In the “Preliminary Expectoration” section, de Silentio outlines some of the basic terms of his argument. He is interested in the theme of anxiety as it pertained to Abraham’s story, a type of anxiety that is often omitted in pious examinations of the biblical passage. This anxiety emerges due to the contradiction between Abraham’s ethical obligation to Isaac and his religious obligation to God. For de Silentio, the key to understanding this anxiety lies in Abraham’s faith as a single individual. In order to explore this dynamic, de Silentio posits two types of individuals: the tragic hero and the knight of faith. The tragic hero makes the movement of infinite resignation, but is unable to make the double movement of faith that typifies Abraham’s position. As a knight of faith, Abraham, goes beyond this. He acts by virtue of the absurd and expects the impossible.

“Problema I,” explores the first of three dialectical aspects that de Silentio believes are implicit in Abraham’s story. To begin, de Silentio examines the question of whether there is a teleological suspension of the ethical. The ethical, according to him, functions as a universal, mediating principle that is applicable to all persons in all situations. It is a program for moral action. On de Silentio’s reading, the ethical universal is superior to the single individual, subsuming identity. Abraham does not act in accordance with the ethical universal and, instead, elevates himself as a single individual over and above the universal. He acts with different, higher ends in mind. Abraham knows that sacrificing Isaac violates the ethical universal, but he acts regardless. As a knight of faith, then, Abraham performs a teleological suspension of the ethical, while the tragic hero, through the movement of infinite resignation, remains wholly within the realm of the ethical universal.
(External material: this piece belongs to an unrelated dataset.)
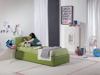 Не забравяйте за особеностите на цветовете и текстурите при избора на единично легло, тъй като сянката и материалът могат да повлияят визуално на размера на продукта. Белите мебели изглеждат много големи, дори и да не са много големи.. Такива дизайни се разреждат с текстил с подходящ орнамент или се поддържат в определена гама от цветове, които прикриват размера на мебелите..

The second dialectical aspects de Silentio examines in “Problema II” is whether Abraham has an absolute duty to God. This problem builds upon the first. The teleological suspension of the ethical assume that there is some higher end or telos to which one should appeal. This higher end is Abraham’s duty, obedience, and responsibility to God. But, crucially, this duty is expressed internally through the movement of faith. Because this interiority is higher and more significant than exteriority, the knight of faith is incapable of being understood by outside parties. He lives in complete tension and contradiction and only he himself can decide when and how to act on faith by virtue of the absurd.

In the “Problema III” section, de Silentio asks whether it is ethically definisble for Abraham to conceal his action from Sarah and Isaac. His analyses here extend and build upon “Problema II.” Because the knight of faith cannot make himself understandable, he cannot speak. While the ethical universal demands full disclosure, he remains hidden. His actions and his decision cannot be translated into the terms of the ethical universal. The author spends the majority of this section exploriung a variety of stories that elucidate the dynamics between hiddenness and disclosure, including Euripides’ account of Agamemnon and Iphigenia, the myth of Amor and Psyche, the story of the Oracle at Delphi found in Aristotle’s “Poetics.” In each case, disclosure is chosen over hiddenness either for aesthetic or ethical reasons. With Abraham, of course, things are different. He remains silent, hidden, and, as such, he attains the status of the knight of faith.

De Silentio concludes the text with a short “Epilogue” that recapitulates the major themes of the argument and extolls the virtue of faith. Once again, he aims his critique at philosophical schools of thought that lionize the ethical universal, while neglecting the singularity of the unique individual in his single situation. While the tragic hero operates within the ethical universal, the great knights of faith like Abraham plunge fully into the paradox of existence and act on faith by virtue of the absurd.